I’m experiencing this as a metaphor for so many things lately. For example, I was at my homeschooling support group’s planning meeting last night. What struck me most was how my perspective was so dramatically different in my eleventh year of homeschooling than those just starting out. Yes, I am interested in academic excellence, but have learned that it is the heart and the love that will matter most. I’m deeply grateful we had cozy time on the couch time doing Five-in-a-row (see here) in Kindergarten. Kids need a great foundation, need age appropriate studies, and need all that comfort and affirmation and independent exploring to make their own connections. They need cuddling and something interesting to think about that they understand. Some of these new parents can’t see that at all; they are busy trying to teach their kindergarteners exponential logarithms, and are rather ruthlessly focusing on making them the powerful ivy-educated elite ready to run the universe. They’ll not get another chance at having their child be a carefree happy kid who learns by playing, who knows that they are great right now. I would, from where I stand, that they safely build on that sure footing. But they couldn’t hear what I had to say because the rainbow wasn’t fixed in their eye, and one wonders if it ever will be. They may never know what they missed.

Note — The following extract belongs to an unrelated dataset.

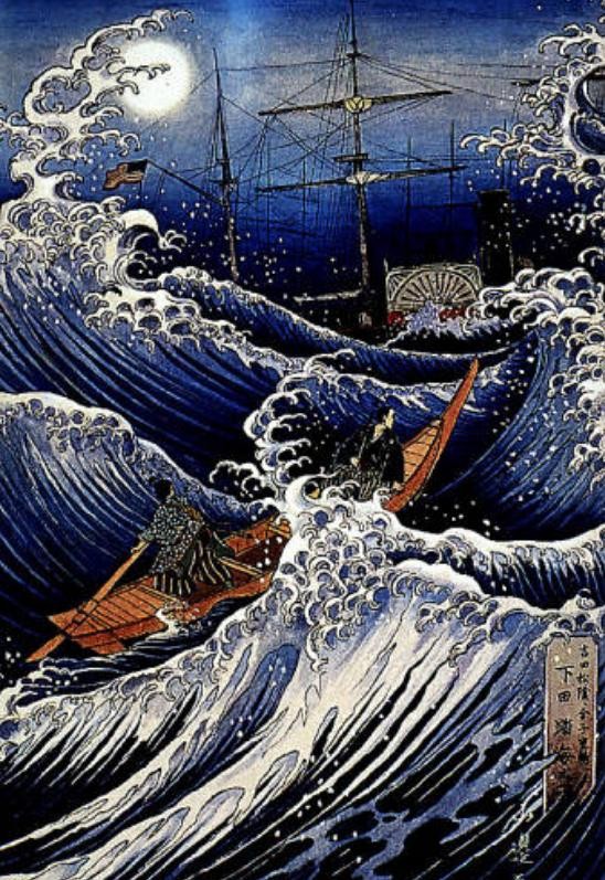 1853年6月,美国培里准将率舰队闯入浦贺港,以不辞一战的高压手段威逼日本开国。当时,吉田松阴正在江户游学,闻取后大惊,立即星夜奔赴浦贺,只见“黑船”气势汹汹,耀武扬威侵入江户湾进行测量,岸上松明火把彻夜不熄,信号钟声时断时续,浦贺奉行等官吏风声鹤唳,手忙脚乱,为了不辱列宗列祖竟匆匆忙忙地派人打扫准备剖腹自尽的寺院。

I’m reflecting on all this probably more right now, since I drive my oldest to college today. I leave with her in about an hour; she’s still racing around packing last minute stuff. We are seeing a beautiful rainbow in this transition for both her and us. It feels natural. We know peers of hers and their parents who are sad, or scared, or bittersweet, or excited out of all proportion. Yes, in one way it is a big deal. But more to us, it is just the next step in a slew of gradual steps. We’ve encouraged age appropriate activity all along, so this is feeling normal to us. She’s always been more than equal to whatever was required of her; she’s ready for this too. She’s done her laundry for years, been in charge of her life and her studies for a long time. She’s socially savvy and will enjoy meeting new people. And she is that academic powerhouse those new hot-house parents can only dream of, but it happened one color at a time –unforced– to make this glorious rainbow.
It is interesting, that as so often happens when you are thinking of something, it comes into your experience. I was thinking all this about rainbows and got a call from a local friend that I should come over immediately and bring my camera for a wonderful rainbow! I did rush over and took the photos above and below, but could not catch the immensity and the awesome nature of this huge, complete, double rainbow. In my metaphor, there was a vivid one for my child and a subtle tandem one for us, both beautiful, and comprehended, but it was impossible to get sufficient distance on it to record it, except deep within. The rainbow holds a promise and I saw it rejoicingly and totally embraced it.
The atmospheric conditions are always right to see your child (or yourself!) as complete and enough at any moment, including the whole spectrum of brilliant and loved, capable and prepared, if only you have the eye to behold it. Today I’m glad I have and I do. I hope you do too.